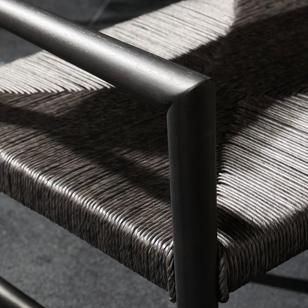 Cheryl Modern Light Grey Cushion Woven Rope Natural Teak Outdoor Dining Arm Chair
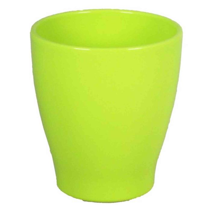 Pot pour orchidée MALAYER en céramique de couleur vert pomme avec un diamètre d'environ 13,2 cm et une hauteur d'environ 15 cm.
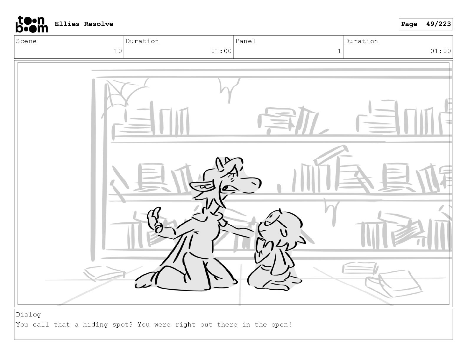 Scene 49 Duration 02:14 Panel 1 Duration 01:13 Ellies Resolve
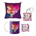 Giftsmate Mother's day Gifts for Mom – Love You Mom Gift Combo Hamper Set of 4 – Mug, Coaster,Keychain, Cushion Cover 12×12
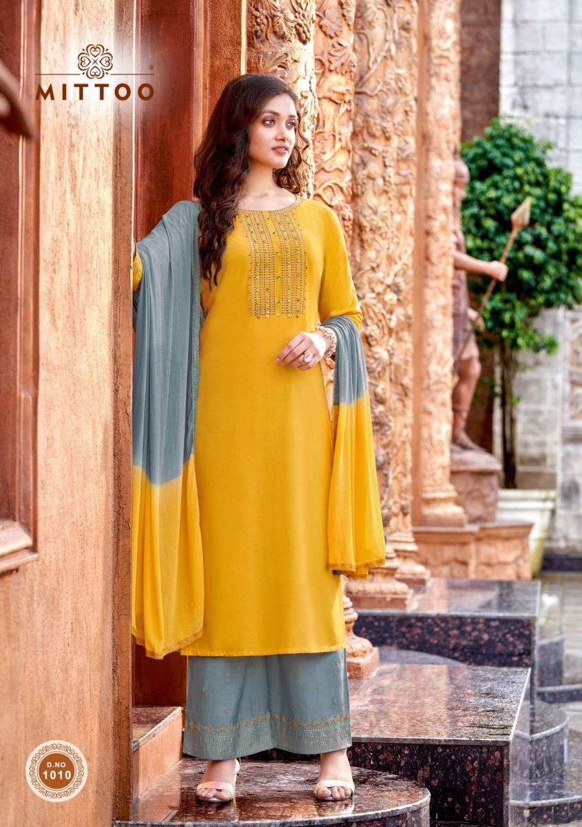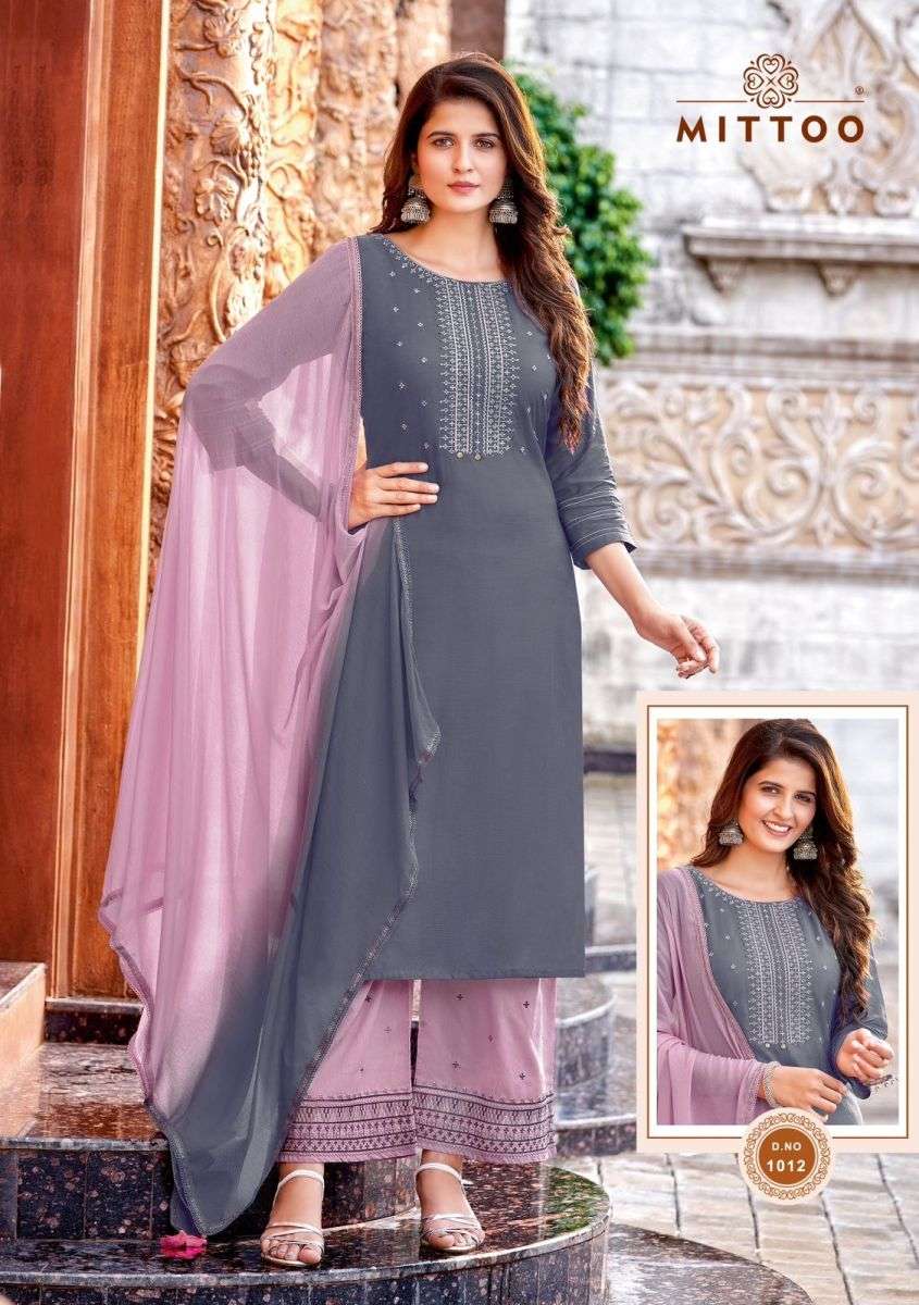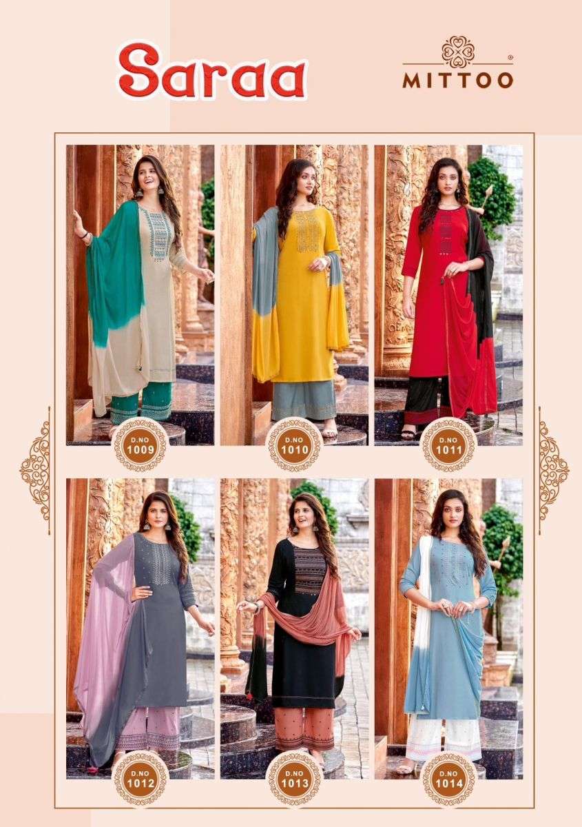 SARAA KURTI BY MITTO DESIGNER WITH WORK RAYON KURTI WITH PANT AND DUPATTA ARE AVAILABLE AT WHOLESALE PRICE

* * * * * * *

*About this task*. Images must not appear; print each record precisely as it reads.

*Task response*.
 Cheryl Modern Light Grey Cushion Woven Rope Natural Teak Outdoor Dining Arm Chair
 Pot pour orchidée MALAYER en céramique de couleur vert pomme avec un diamètre d'environ 13,2 cm et une hauteur d'environ 15 cm.
 Scene 49 Duration 02:14 Panel 1 Duration 01:13 Ellies Resolve
 Giftsmate Mother's day Gifts for Mom – Love You Mom Gift Combo Hamper Set of 4 – Mug, Coaster,Keychain, Cushion Cover 12×12
 SARAA KURTI BY MITTO DESIGNER WITH WORK RAYON KURTI WITH PANT AND DUPATTA ARE AVAILABLE AT WHOLESALE PRICE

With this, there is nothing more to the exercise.